To my understandnig rfftfreq should be used together with rfft. Why does this code work although it uses fftfreq with rfft?

import numpy as np
from scipy.fftpack import rfft, irfft, fftfreq

time   = np.linspace(0,10,2000)
signal = np.cos(5*np.pi*time) + np.cos(7*np.pi*time)

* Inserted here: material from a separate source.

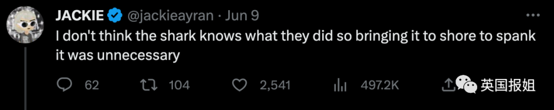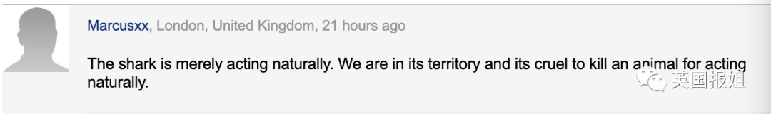 另一种声音认为,鲨鱼也是无辜的,这只是一个无奈的悲剧而已,没必要去伤害野生动物。

W = fftfreq(signal.size, d=time[1]-time[0])
f_signal = rfft(signal)

# If our original signal time was in seconds, this is now in Hz    
cut_f_signal = f_signal.copy()
cut_f_signal[(W<6)] = 0

cut_signal = irfft(cut_f_signal)

Background: rfft gives an array sorting the fourier modes with real and imaginery in separate entries. Such as [R(0), R(1), I(1), ... R(N/2),I(N/2)] for R(n) and I(n) being the real and imaginery part of the fourier mode respectively. (assuming an even entry array)

Therefore, rfftfreq yields an array of frequencies corresponding to this array such as (assuming an even entry array and sampling spacing of 1):

[0, 1/n, 1/n, 2/n, 2/n ... n/(2n), n/(2n)]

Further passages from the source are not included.